Singapore Dollar – no longer defying gravity: Implications for cash investors
· The Covid-19 outbreak has accentuated the negative implications for international trade, as well as domestic productivity and tourism in Singapore; triggering significant uncertainty and concern for the local economy.
· The Monetary Authority of Singapore (MAS) responded with a notable dovish pivot. Singapore nominal effective exchange rate (S$NEER) declined sharply and the SGD weakened considerably versus the USD.
· It is expected the central bank will either flatten the $SNEER slope or lower the S$NEER at its next policy meeting in April, triggering an increase in Swap Offer Rate (SOR) yields. That could create an attractive investment opportunities for cash investors who are able to lock in longer tenor securities.
Weak growth, elevated currency
For the majority of 2019, the S$NEER defied economic gravity, tightly adhering to the top end
of its trading range (Fig 1a), while the SGD outperformed many regional currencies (Fig 1b).
However, the potentially large negative impact of the Covid-19 outbreak has prompted a reappraisal of weaker economic data and muted inflation – triggering a notable dovish shift by the MAS with significant implications for the SGD and short-term interest rates.
Trade tensions encourage a MAS pivot
The Singapore economy faced multiple headwinds in 2019 from weaker domestic growth, anemic price pressures and a heightened exposure to global trade tensions (Fig 2).
At its April 2019 monetary policy meeting the MAS ended its hawkish hiking cycle, leaving rates unchanged and downgrading its GDP and core inflation targets. Subsequently, weaker than expected growth and further downward revisions to its key targets nudged the central bank to cut the slope of its S$NEER at its October policy meeting, the first easing in over 3.5 years.
The MAS’s modest monetary policy adjustments stood in stark contrast with more aggressive rate cuts by global and regional peers – leaving the S$NEER at the top of its trading range and SGD stronger relative to other Asia-Pacific currencies.

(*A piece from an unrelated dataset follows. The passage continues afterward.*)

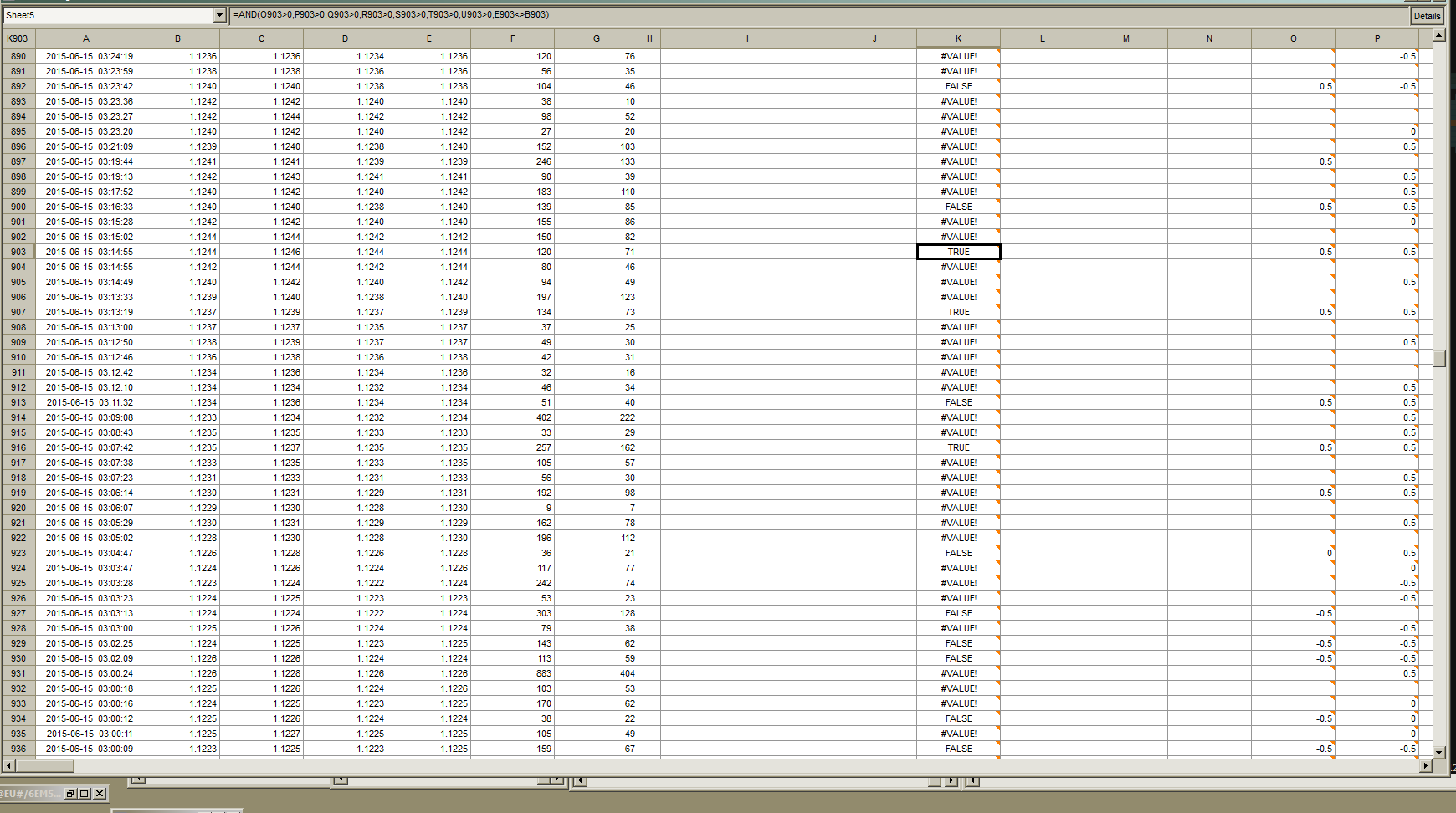 K903 should return FALSE because E903=B903. what is wrong with Spreadsheets? |

Despite the policy pivot, Singapore’s economic growth hit a decade low of 1.0%y/y in 2019 as escalating global trade tensions weighted on the Lion city’s open, export dependent economy. Fortunately, lower global interest rates and record tourist arrivals and spending supported a moderate stabilization while the phase 1 US/China trade truce in early January raised the potential of an economic recovery in 2020.

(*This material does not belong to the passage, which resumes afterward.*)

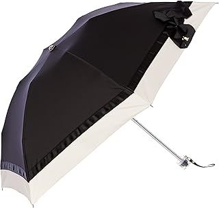 [ムーンバット] 折りたたみ傘 MOONBAT(ムーンバット) LANVIN en blue(ランバン オン ブルー) ビジュー付きリボン 日傘 おりたたみ傘 パラソル りぼん シンプル オシャレ かわいい 遮熱・遮光 レディース ブラック 親骨の長さ:約50㎝

The unexpected Covid-19 outbreak, with its negative implications for international trade, domestic productivity and tourism has triggered significant uncertainty and concern – especially after Singapore raised its disease outbreak response condition level.
The imposition of travel restrictions on Chinese visitors – the largest source of spending in 2019 – has already dramatically impacted tourism, with significant ramifications for the aviation, hospitality and consumption sectors. In addition, the delayed return of many Chinese workers will impact the construction sector, while manufacturing and export sectors will be negatively affected by China’s delayed re-opening following Chinese New Year holidays. Acknowledging the downside risks, the government downgraded its 2020 growth forecast by 1% to a range of -0.5% to 1.5%.1
Rapid fiscal and monetary support
Responding to media queries, on 4 February 2020, the MAS commented that “there is sufficient room within the policy band to accommodate an easing of the S$NEER in line with the weakening of economic conditions as a result of the Covid-19”2. Such inter-meeting statements are rare and highlight the central bank’s concern. The de-facto easing triggered an instant market response, with the S$NEER declining sharply below the mid-point of its trading range for the first time since 2017 while the SGD weakened considerably versus the USD.
The MAS confirmed its next policy meeting would occur on schedule in April – allaying concerns of an inter-meeting cut. Given the S$NEER band still has a mild appreciation bias, most economists expect the central bank to either flatten the S$NEER slope or lower the S$NEER trading band.
Implications for cash investors
In 2019, SOR yields declined (Fig 3a) as the US Federal Reserve (Fed) switched to a dovish policy stance with three rate cuts. However, even as yield curves flattened, SOR yields outperformed their US Libor equivalents, with the spread between the two short term interest rates contracting to a 3.5-year point tight.
Historically, SOR yields tend to increase when the S$NEER weakens – especially as it declines below the mid-point of its trading range (Fig 3b). With the Fed on-hold for the foreseeable future and the MAS expected to ease S$NEER policy at its April meeting, it is likely SOR yields could climb further, creating attractive investment opportunities for cash investors who are able to lock in longer tenor securities.